Archive for the ‘KAIST Discrete Math Seminar’ Category

Dieter Spreen, Bi-Topological Spaces and the Continuity Problem

Sunday, April 9th, 2017
Bi-Topological Spaces and the Continuity Problem
Dieter Spreen
Department of Mathematics, Universität Siegen, Siegen, Germany
2017/4/17 Mon 4PM-5PM
The continuity problem is the question when effective (or Markov computable) maps between effectively given topological spaces are effectively continuous. It will be shown that this is always the case if the the range of the map is effectively bi-regular. As will be shown, such spaces appear quite naturally in the context of the problem.

Otfried Cheong, Putting your coin collection on a shelf

Saturday, March 18th, 2017
Putting your coin collection on a shelf
Otfried Cheong
School of Computing, KAIST
2017/04/03 Monday 4PM-5PM
Imagine you want to present your collection of n coins on a shelf, taking as little space as possible – how should you arrange the coins?
More precisely, we are given n circular disks of different radii, and we want to place them in the plane so that they touch the x-axis from above, such that no two disks overlap. The goal is to minimize the length of the range from the leftmost point on a disk to the rightmost point on a disk.
On this seemingly innocent problem we will meet a wide range of algorithmic concepts: An efficient algorithm for a special case, an NP-hardness proof, an approximation algorithm with a guaranteed approximation factor, APX-hardness, and a quasi-polynomial time approximation scheme.

[SoC Colloquium] Helmut Alt, Packing Problems: Algorithms and Complexity

Tuesday, March 7th, 2017
Packing Problems: Algorithms and Complexity
Helmut Alt
Department of Computer Science, Freie Universität Berlin
2017/3/13 Mon 4PM-6PM
Packing problems are concerned with positioning geometric objects so that they do not overlap and require an amount of space as small as possible.
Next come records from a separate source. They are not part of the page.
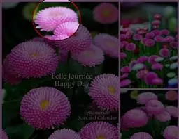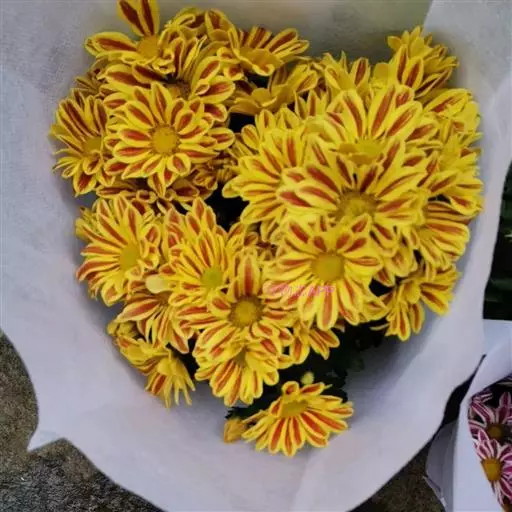 头状花序单生,具长总梗,花径7-12厘米,内含舌状花和管状花两种,舌状花单轮或1-3轮,花色丰富多彩,有白、黄、橙红等色,花瓣有光泽,部分具有条纹,花心处多有黑色、褐色或白色的眼斑;株型高矮不一,有丛生和蔓生两种;花期5-10月。
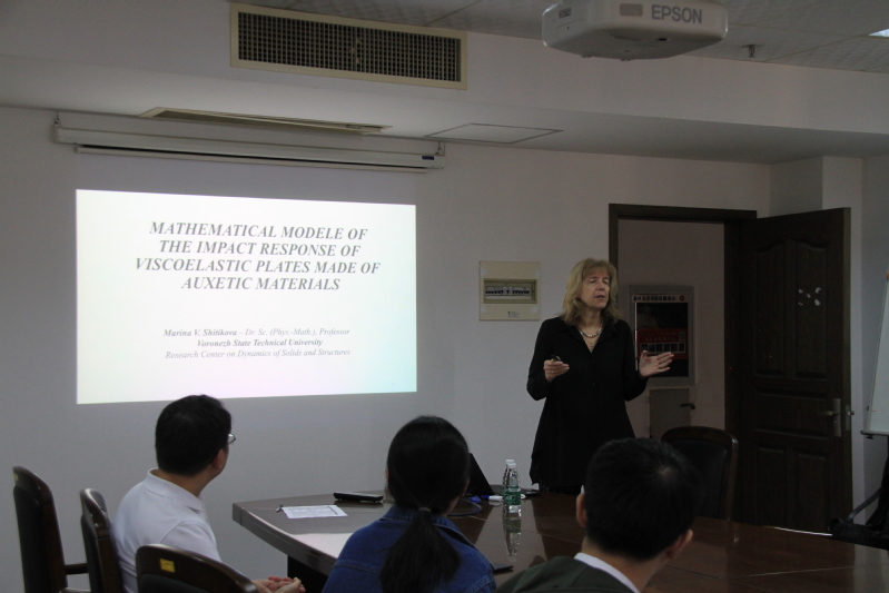 应我校英国上市公司365机械结构力学及控制国家重点实验室高存法教授的邀请,俄罗斯沃罗涅日国立技术大学Marina Shitikova教授于2019年10月22日-2019年10月31日访问我校,并于10月23日和10月31日分别做了题为Mathematical Model of the Impact Response of Viscoelastic Plates Made of Auxetic Materials和Application of Fractional Calculus for the Analysis of Nonlinear Damped Vibrations of Suspension Bridges的学术报告。两则报告分别介绍了超构材料板的宏观粘弹性数学模型、基于分数阶微积分理论的吊桥非线性振动分析。报告内容丰富、精彩生动,对我校相关科研工作具有借鉴作用。同时,Shitikova教授还结合自己多年的研究经历,与现场听众分享了研究心得和体会。
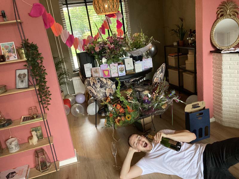 Toen we thuis kwamen lag er echt een berg kaartjes voor ons in de brievenbus die dagen erna maar bleven komen. Ik heb nog nooit zoveel bloemen en kaarten gehad, dat voelt ook zo bijzonder! We kregen ook cadeautjes (totaal niet verwacht) en de champagne vult de kelder inmiddels goed op haha.
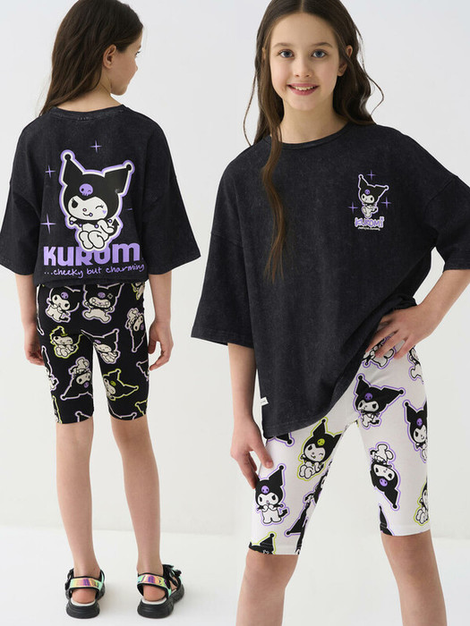 Набор легинсов для девочки подростка. Комплект состоит из двух пар укороченных легинсов. Принт с любимым мультяшным героем Куроми. Обе модели имеют высокую посадку и эластичный пояс, который хорошо фиксирует изделие на талии. Материал - мягкий, хлопковый трикотаж.
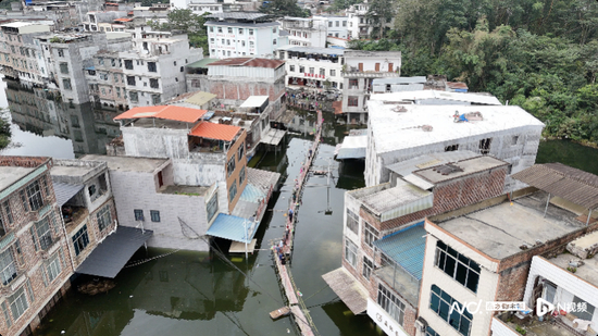广西本地媒体10月17日报道,大进屯共有80户人家,共有74户房屋被淹,积水最深处仍有4米多。
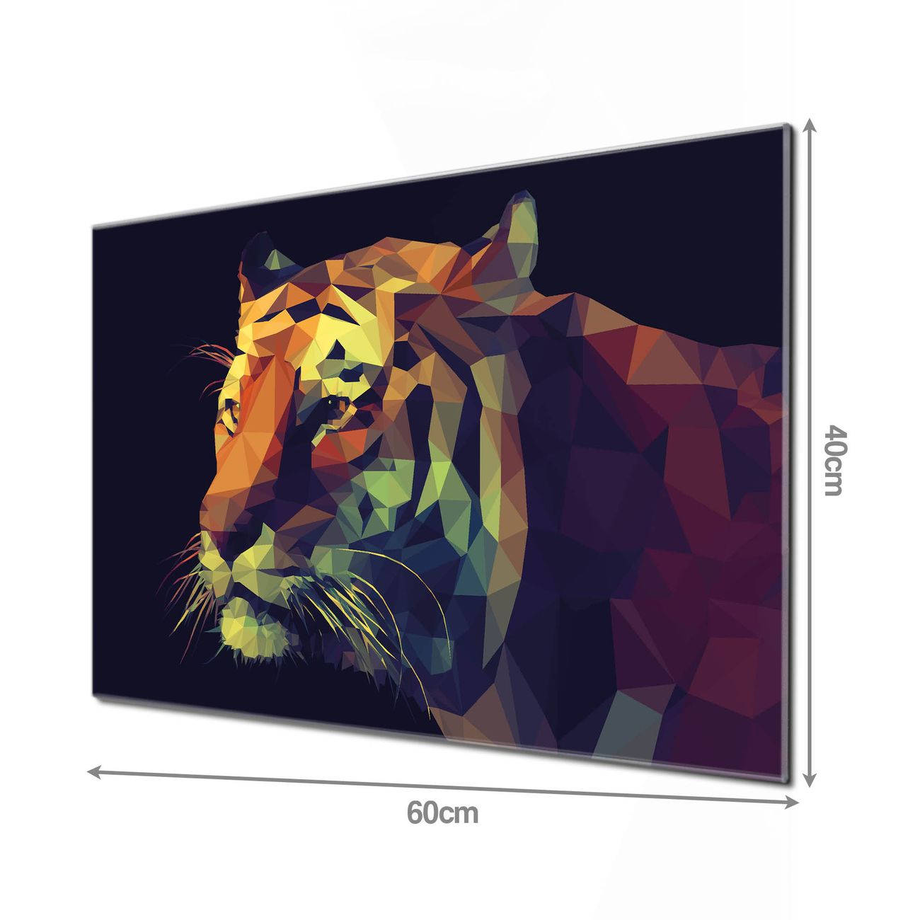 Material: 4mm Sicherheitsglas mit Metallrückwand Eigenschaften: beschreibbar, magnetisch, kratzfest Maße: 60x40x0,6cm, 3,6kg schwer Motiv Nummer 12824 Polygon Tiger Zubehör: inklusive 4 Neodym-Magnete

They have been investigated within mathematics for centuries starting with the famous Kepler conjecture. There are many surprising properties and open problems in connection with packing. The lecture will give a short survey about these “classical” issues but then concentrate on algorithms for packing. Since already the most simple variants are NP-hard, it makes sense to look for efficient approximation algorithms. We will present constant factor approximations for packing rectangles and convex polygons into containers which are minimum area rectangles or convex sets. Algorithms for analogous problems concerning three-dimensional objects will be presented, as well.
This is joint research with Mark de Berg, Christian Knauer, Léonard von Niederhäusern, and Nadja Scharf.

Bernard Lidický, 3-coloring triangle-free planar graphs

Wednesday, March 1st, 2017
3-coloring triangle-free planar graphs
Bernard Lidický
Department of Mathematics, Iowa State University, Ames, IA, USA
2017/3/7 Tue 4PM
A well known theorem of Grötzsch states that every planar graph is 3-colorable. We will show a simple proof based on a recent result of Kostochka and Yancey on the number of edges in 4-critical graphs. Then we show a strengthening of the Grötzsch’s theorem in several different directions. Based on joint works with Ilkyoo Choi, Jan Ekstein, Zdeněk Dvořák, Přemek Holub, Alexandr Kostochka, and Matthew Yancey.

Suil O (오수일), The second largest eigenvalue and vertex-connectivity in regular graphs

Monday, January 23rd, 2017
The second largest eigenvalue and vertex-connectivity in regular graphs
Suil O (오수일)
Department of Applied Mathematics & Statistics, SUNY Korea, Incheon
2017/2/3 Fri 4PM-5PM
In this talk, for a fixed positive integer d at least 3, we study upper
bounds for the second largest eigenvalue in (an n-vertex) d-regular graph to
guarantee a certain vertex-connectivity.